> [Exercise description] Apart from the images, reproduce all of the data word for word.

> [Given data]
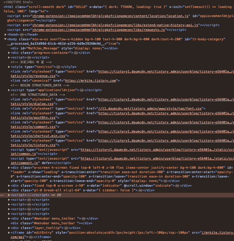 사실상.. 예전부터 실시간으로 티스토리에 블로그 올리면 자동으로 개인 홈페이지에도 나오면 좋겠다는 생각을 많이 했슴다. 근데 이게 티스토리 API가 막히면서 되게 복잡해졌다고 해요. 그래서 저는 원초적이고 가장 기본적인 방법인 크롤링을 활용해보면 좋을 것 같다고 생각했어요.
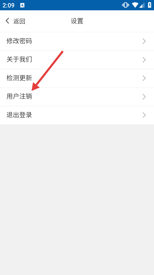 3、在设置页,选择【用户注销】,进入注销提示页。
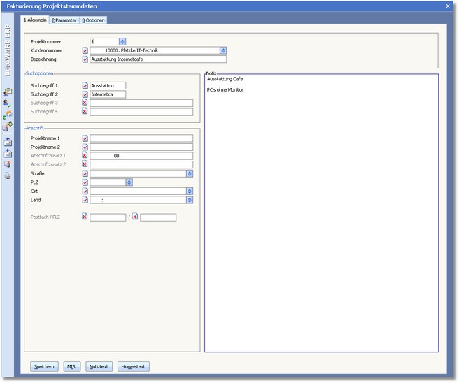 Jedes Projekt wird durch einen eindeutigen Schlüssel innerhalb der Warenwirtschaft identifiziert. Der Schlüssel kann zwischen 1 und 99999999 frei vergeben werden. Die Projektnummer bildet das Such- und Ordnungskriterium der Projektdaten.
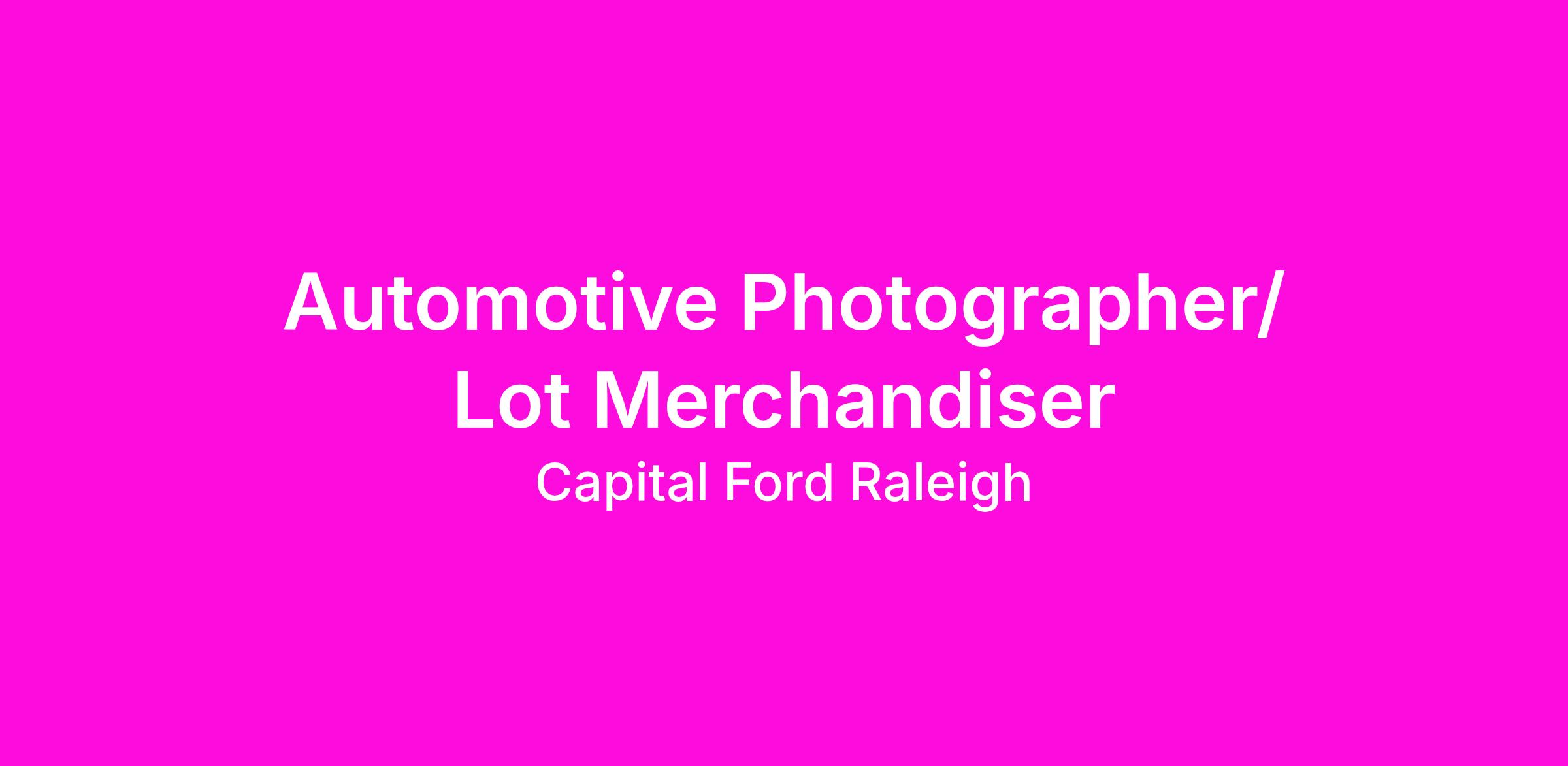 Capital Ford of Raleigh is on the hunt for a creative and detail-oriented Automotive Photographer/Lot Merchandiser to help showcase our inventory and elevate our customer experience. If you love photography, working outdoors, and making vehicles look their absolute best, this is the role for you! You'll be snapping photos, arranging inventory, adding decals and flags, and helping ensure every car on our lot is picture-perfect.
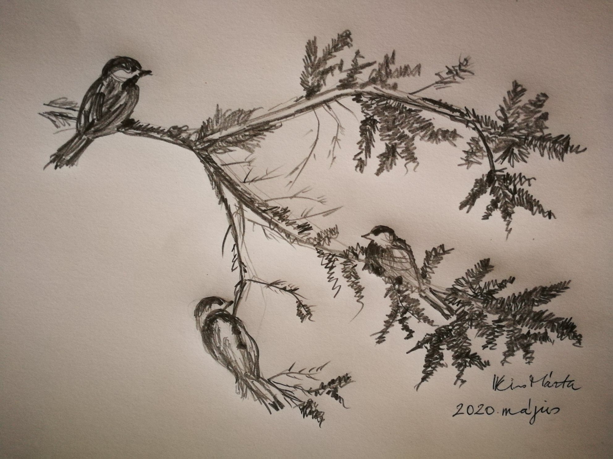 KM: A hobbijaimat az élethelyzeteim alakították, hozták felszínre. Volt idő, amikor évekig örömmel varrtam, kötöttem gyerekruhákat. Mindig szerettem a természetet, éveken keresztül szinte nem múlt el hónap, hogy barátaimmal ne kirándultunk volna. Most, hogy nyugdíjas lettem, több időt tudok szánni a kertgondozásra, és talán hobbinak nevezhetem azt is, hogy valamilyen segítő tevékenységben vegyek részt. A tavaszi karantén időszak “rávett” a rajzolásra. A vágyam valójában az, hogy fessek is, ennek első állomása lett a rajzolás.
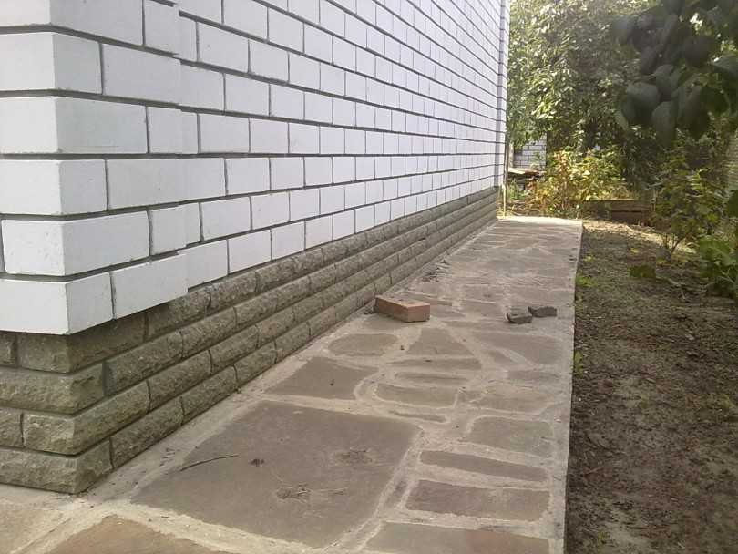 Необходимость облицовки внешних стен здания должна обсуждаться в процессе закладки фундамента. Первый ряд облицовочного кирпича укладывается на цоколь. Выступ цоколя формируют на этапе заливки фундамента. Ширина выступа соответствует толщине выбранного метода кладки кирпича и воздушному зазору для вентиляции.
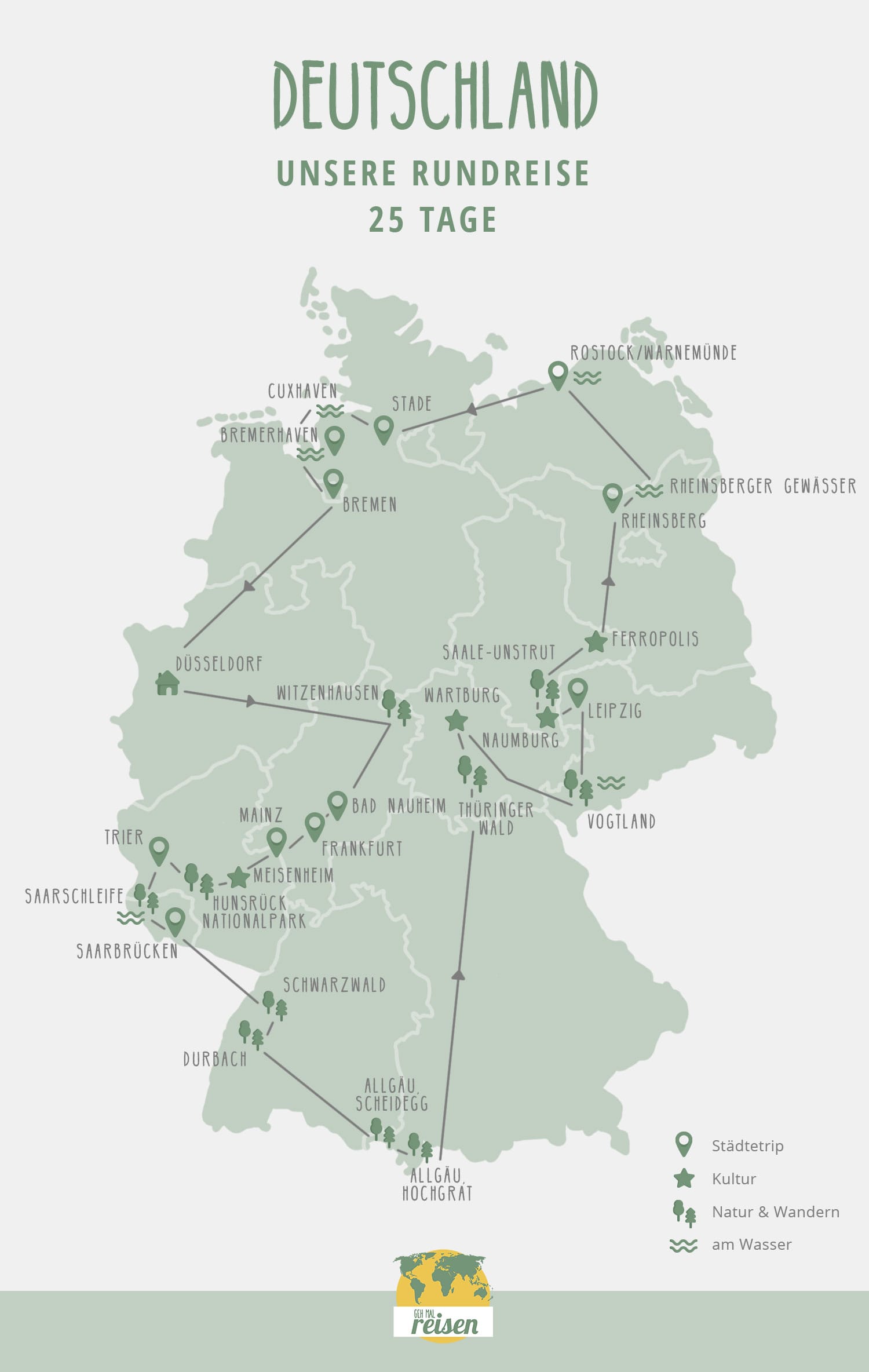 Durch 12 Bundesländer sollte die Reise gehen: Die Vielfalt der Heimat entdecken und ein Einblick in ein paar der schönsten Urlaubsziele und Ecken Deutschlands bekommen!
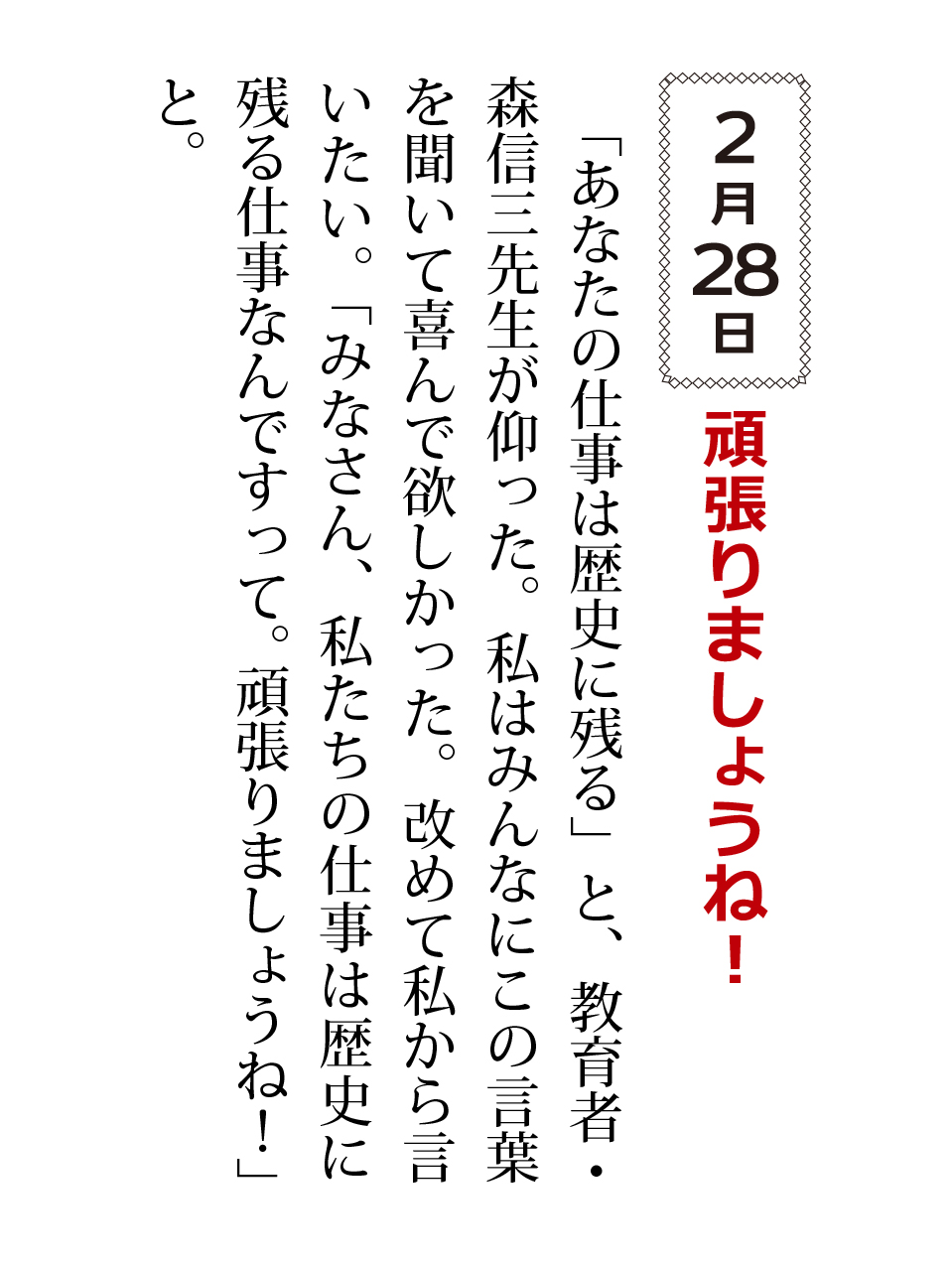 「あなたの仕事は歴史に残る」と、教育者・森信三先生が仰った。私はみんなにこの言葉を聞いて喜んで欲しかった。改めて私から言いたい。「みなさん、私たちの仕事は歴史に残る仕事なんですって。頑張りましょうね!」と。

> [Answer box]
 사실상.. 예전부터 실시간으로 티스토리에 블로그 올리면 자동으로 개인 홈페이지에도 나오면 좋겠다는 생각을 많이 했슴다. 근데 이게 티스토리 API가 막히면서 되게 복잡해졌다고 해요. 그래서 저는 원초적이고 가장 기본적인 방법인 크롤링을 활용해보면 좋을 것 같다고 생각했어요.
 3、在设置页,选择【用户注销】,进入注销提示页。
 Jedes Projekt wird durch einen eindeutigen Schlüssel innerhalb der Warenwirtschaft identifiziert. Der Schlüssel kann zwischen 1 und 99999999 frei vergeben werden. Die Projektnummer bildet das Such- und Ordnungskriterium der Projektdaten.
 Capital Ford of Raleigh is on the hunt for a creative and detail-oriented Automotive Photographer/Lot Merchandiser to help showcase our inventory and elevate our customer experience. If you love photography, working outdoors, and making vehicles look their absolute best, this is the role for you! You'll be snapping photos, arranging inventory, adding decals and flags, and helping ensure every car on our lot is picture-perfect.
 KM: A hobbijaimat az élethelyzeteim alakították, hozták felszínre. Volt idő, amikor évekig örömmel varrtam, kötöttem gyerekruhákat. Mindig szerettem a természetet, éveken keresztül szinte nem múlt el hónap, hogy barátaimmal ne kirándultunk volna. Most, hogy nyugdíjas lettem, több időt tudok szánni a kertgondozásra, és talán hobbinak nevezhetem azt is, hogy valamilyen segítő tevékenységben vegyek részt. A tavaszi karantén időszak “rávett” a rajzolásra. A vágyam valójában az, hogy fessek is, ennek első állomása lett a rajzolás.
 Необходимость облицовки внешних стен здания должна обсуждаться в процессе закладки фундамента. Первый ряд облицовочного кирпича укладывается на цоколь. Выступ цоколя формируют на этапе заливки фундамента. Ширина выступа соответствует толщине выбранного метода кладки кирпича и воздушному зазору для вентиляции.
 Durch 12 Bundesländer sollte die Reise gehen: Die Vielfalt der Heimat entdecken und ein Einblick in ein paar der schönsten Urlaubsziele und Ecken Deutschlands bekommen!
 「あなたの仕事は歴史に残る」と、教育者・森信三先生が仰った。私はみんなにこの言葉を聞いて喜んで欲しかった。改めて私から言いたい。「みなさん、私たちの仕事は歴史に残る仕事なんですって。頑張りましょうね!」と。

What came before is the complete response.